Provided information.

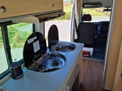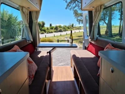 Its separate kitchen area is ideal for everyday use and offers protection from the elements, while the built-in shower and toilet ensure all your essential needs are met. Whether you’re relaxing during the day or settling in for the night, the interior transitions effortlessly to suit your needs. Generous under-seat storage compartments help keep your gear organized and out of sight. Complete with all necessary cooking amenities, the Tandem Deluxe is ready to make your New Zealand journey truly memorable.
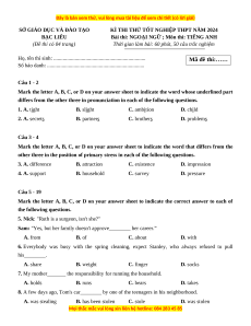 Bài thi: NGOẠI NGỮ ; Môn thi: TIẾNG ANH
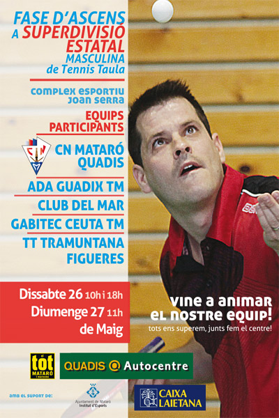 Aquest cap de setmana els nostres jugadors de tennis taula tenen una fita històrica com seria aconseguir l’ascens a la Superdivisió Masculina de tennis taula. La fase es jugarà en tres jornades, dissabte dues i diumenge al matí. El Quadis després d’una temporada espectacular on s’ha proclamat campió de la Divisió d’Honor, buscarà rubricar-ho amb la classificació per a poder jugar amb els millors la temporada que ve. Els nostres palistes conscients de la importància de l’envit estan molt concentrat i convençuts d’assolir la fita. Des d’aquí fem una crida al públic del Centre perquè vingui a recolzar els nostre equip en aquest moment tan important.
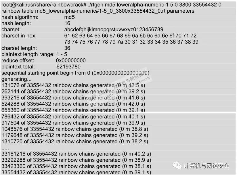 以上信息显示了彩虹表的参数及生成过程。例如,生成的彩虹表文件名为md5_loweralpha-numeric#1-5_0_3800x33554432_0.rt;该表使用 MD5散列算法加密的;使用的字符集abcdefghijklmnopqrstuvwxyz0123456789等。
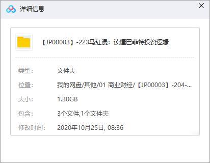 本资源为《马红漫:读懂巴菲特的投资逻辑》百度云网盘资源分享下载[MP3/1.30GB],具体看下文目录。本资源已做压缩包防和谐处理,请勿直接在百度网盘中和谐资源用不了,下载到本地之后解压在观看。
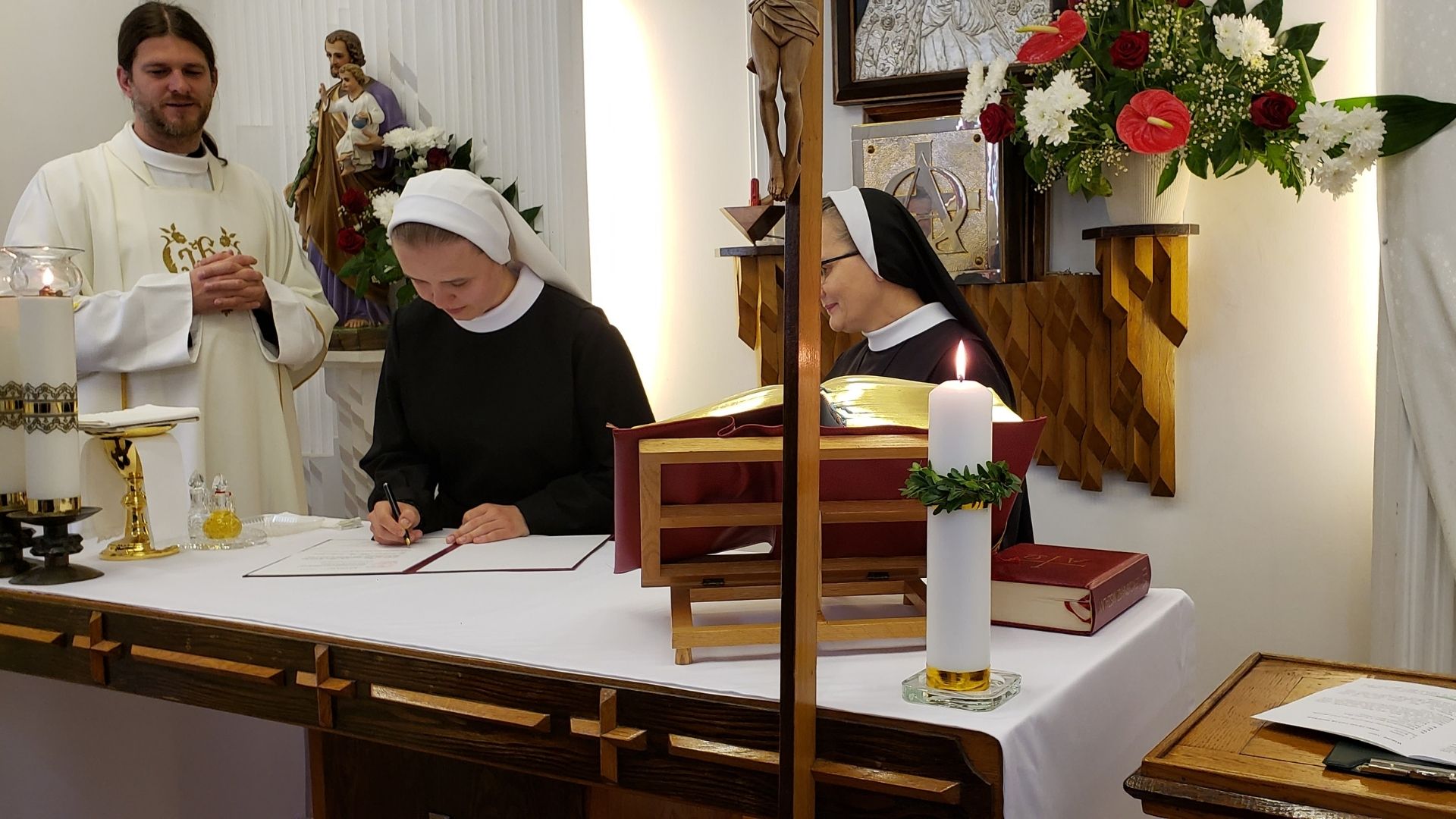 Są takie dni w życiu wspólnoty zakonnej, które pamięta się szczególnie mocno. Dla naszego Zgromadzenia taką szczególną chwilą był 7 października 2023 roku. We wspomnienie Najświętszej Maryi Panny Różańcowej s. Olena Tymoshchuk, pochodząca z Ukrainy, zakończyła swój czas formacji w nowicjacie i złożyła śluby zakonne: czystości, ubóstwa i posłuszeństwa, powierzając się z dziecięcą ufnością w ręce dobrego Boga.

Description of the task.
Word for word, reproduce each line from the one with "以上信息显示了彩虹表的参数及" through the last line of the material above, both included, and drop the pictures.

Result of the exercise.
 以上信息显示了彩虹表的参数及生成过程。例如,生成的彩虹表文件名为md5_loweralpha-numeric#1-5_0_3800x33554432_0.rt;该表使用 MD5散列算法加密的;使用的字符集abcdefghijklmnopqrstuvwxyz0123456789等。
 本资源为《马红漫:读懂巴菲特的投资逻辑》百度云网盘资源分享下载[MP3/1.30GB],具体看下文目录。本资源已做压缩包防和谐处理,请勿直接在百度网盘中和谐资源用不了,下载到本地之后解压在观看。
 Są takie dni w życiu wspólnoty zakonnej, które pamięta się szczególnie mocno. Dla naszego Zgromadzenia taką szczególną chwilą był 7 października 2023 roku. We wspomnienie Najświętszej Maryi Panny Różańcowej s. Olena Tymoshchuk, pochodząca z Ukrainy, zakończyła swój czas formacji w nowicjacie i złożyła śluby zakonne: czystości, ubóstwa i posłuszeństwa, powierzając się z dziecięcą ufnością w ręce dobrego Boga.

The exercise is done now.